# TE GATO survives WordReference



## cuchuflete

Many of you have noticed that Te Gato hasn't been around lately, and were PMing to ask what's going on..

She has been through some surgery, and is recovering, slowly. She's still full of Yadda Yadda Yadda, and sends regards to all, in her usual unique style of Alberta English. She doesn't have access to a computer at the moment, but is receiving e-mails, perhaps through the secret antennae in her claws.
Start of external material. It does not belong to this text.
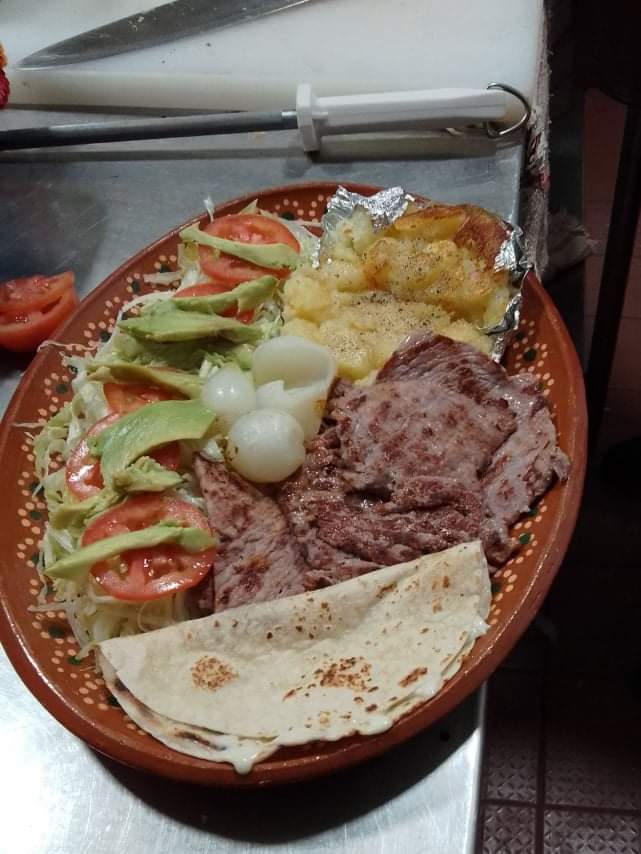 2 Tiras de bistec asado, pastor, queso y ensalada.

If you would like to post a 'get well' greeeting, or just say hello, post it here and I'll be sure she gets your messages.

regards,
Cuchu


----------



## lsp

T.G. - Make like a cat, land on your feet and have a speedy recovery and speedy return.  Lsp


----------



## mjscott

Te_Gato:

I MISS YOU TERRIBLY!

Come back soon--The forum isn't the same without you!

Best wishes for a speedy recovery!

mjscott


----------



## gaer

Te Gato,

Perhaps this will embarrass you, but to h--- with it. I don't care.

Half the reason I joined WR and came on each night was to talk with you, and I have many fond memories of "playing tag", answering messages late at night.

You were the friendliest person here and the most helpful when I first joined.

I MISS YOU TOO!!!

And I'm thinking positively, looking forward to your speedy recovery and return!

Gaer


----------



## alc112

Recover 'cause you'll be welcome again
weren't you the one who tried this forum to be more friendly?
Did you think you don't care us?
Did you think we let you alone in the surgery?
Oh no
You will be back 

(un invento mio copiando "I will survive")

We miss you. I miss your yadda yadda.
I miss your avatar. I have other one waiting for you.


----------



## ILT

Te Gato:

Warmest wishes for a speedy recovery.  Please take care, we'll be waiting for as long as you need.

Yadda Yadda Yadda

ILT


----------



## Lancel0t

cuchuflete said:
			
		

> Many of you have noticed that Te Gato hasn't been around lately, and were PMing to ask what's going on..
> 
> She has been through some surgery, and is recovering, slowly. She's still full of Yadda Yadda Yadda, and sends regards to all, in her usual unique style of Alberta English. She doesn't have access to a computer at the moment, but is receiving e-mails, perhaps through the secret antennae in her claws.
> 
> If you would like to post a 'get well' greeeting, or just say hello, post it here and I'll be sure she gets your messages.
> 
> regards,
> Cuchu


 

No one knows what happened to her until Cuchu started this thread. We miss you Karen and get well soon.  Yadda yadda yadda 

P.S.

A simple logic, If Te gato is a cat and a cat has nine lives, I therefore conclude that Te gato has nine lives  (just kidding)


----------



## sergio11

Lancel0t said:
			
		

> A simple logic, If Te gato is a cat and a cat has nine lives, I therefore conclude that Te gato has nine lives  (just kidding)


Actually, nice people like Te gato deserve not only nine, but nine thousand lives!
But since we only have one, we wish her a speedy recovery.

 Get well soon!!! 

​


----------



## Agnès E.

Yeux verts, yeux de chat
 We miss your in(cat)sight
 Please come back soon
 For we all bay at the moon
 Can you hear us: "yadda yadda yaddaaaaaaaaaaaaaaaaaaaaa"
We're lost without our cat​


----------



## araceli

Hello Te Gato:
There are many people that miss you here! "Be good soon Te Gato" is our desire.
Hugs and kisses.


----------



## timpeac

Hi Te Gato
Have a speedy recovery and all the best!
Look forward to seeing you around soon
Tim


----------



## Whodunit

Te gato,
we all miss you
we want you to come back
and I personally miss your yadda yadda,
believe me, the forum is empty without soem yadda yadda.
Please recover soon, we all want you back, our amazing yadda yadda cat ...​


----------



## LV4-26

Un seul chat nous manque et tout est dépeuplé.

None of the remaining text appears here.